[Python-ideas] an unless statement would occasionally be useful

Andrew Barnert abarnert at yahoo.com
Sun May 17 23:35:01 CEST 2015


On May 17, 2015, at 11:07, Charles Hixson <charleshixsn at earthlink.net> wrote:
> 
> I'm envisioning "unless" as a synonym for "if not(...):"  currently I use
> 
> if .... :
>    pass
> else:
>  ...
> 
> which works.
> 
> N.B.:  This isn't extremely important as there are already two ways to accomplish the same purpose, but it would be useful, seems easy to implement, and is already used by many other languages.  The advantage is that when the condition is long it simplifies understanding.

But if you just use not instead of else, it simplifies understanding just as much--and without making the language larger (which makes it harder to learn/remember when switching languages, makes the parser bigger, etc.):

    if not ...:
        ...

It seems like every year someone proposes either "unless" or "until" or the whole suite of Perl variants (inherently-negated keywords, postfix, do...while-type syntax), but nobody ever asks for anything clever.
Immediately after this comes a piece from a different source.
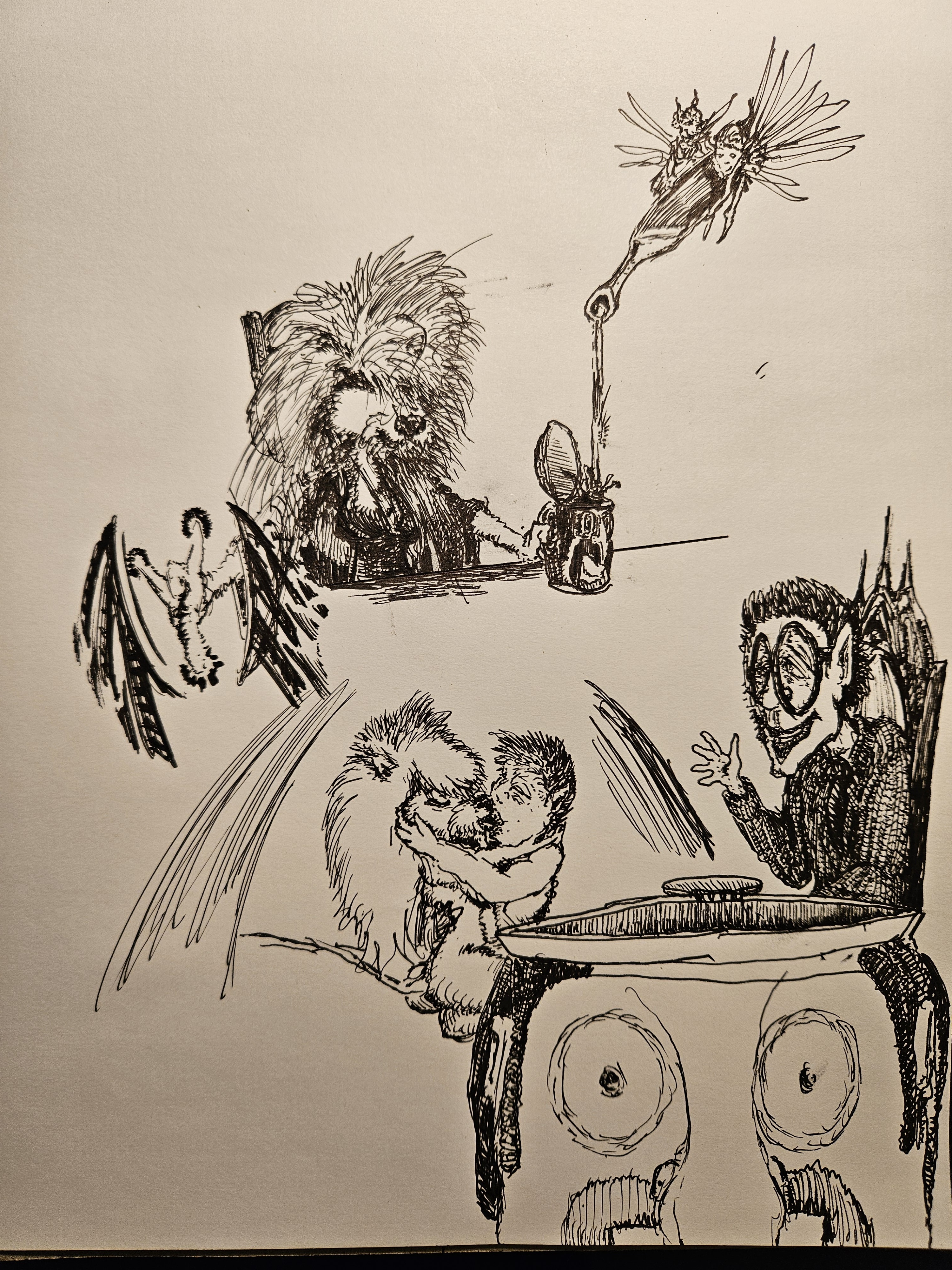 I have a whole channel of Doodles, come to think of it. Technically a series of hyperlapse videos of me discovering what will appear under my pen today after a bowlful of inspiration in the form of Franken-bud. And when I like how a drawing is going, I add to it on subsequent days. Composition by the seat of your pants. Undiscovered countries. Wild Whimsy tossed down like a thunderclap onto the unsuspecting white expanse. A bullet spray in Posterity's face.https://youtu.be/I6jK6hjs5EI?si=Y_9U7lPY26E6r6r3https://youtu.be/boPn06K7Rjo?si=lhFAOwxnLa5hRfbnhttps://youtu.be/GjkOrOQMJwU?si=6rr2dKG1jgUf0YThhttps://youtu.be/e7MtPVqKtRw?si=iChC9-_dLWoS2i7K

Think of what you could do with a "lest" statement, which will speculatively execute the body and then test the condition before deciding whether to actually have executed the body. Or a "without" that closes a context before the body instead of after. Or a "butfor" that iterates over every extant object that isn't contained in the Iterable. Or a "because" that raises instead of skipping the body if the condition isn't truthy. Or a "before" that remembers the body for later and executes it a synchronously when the condition becomes true.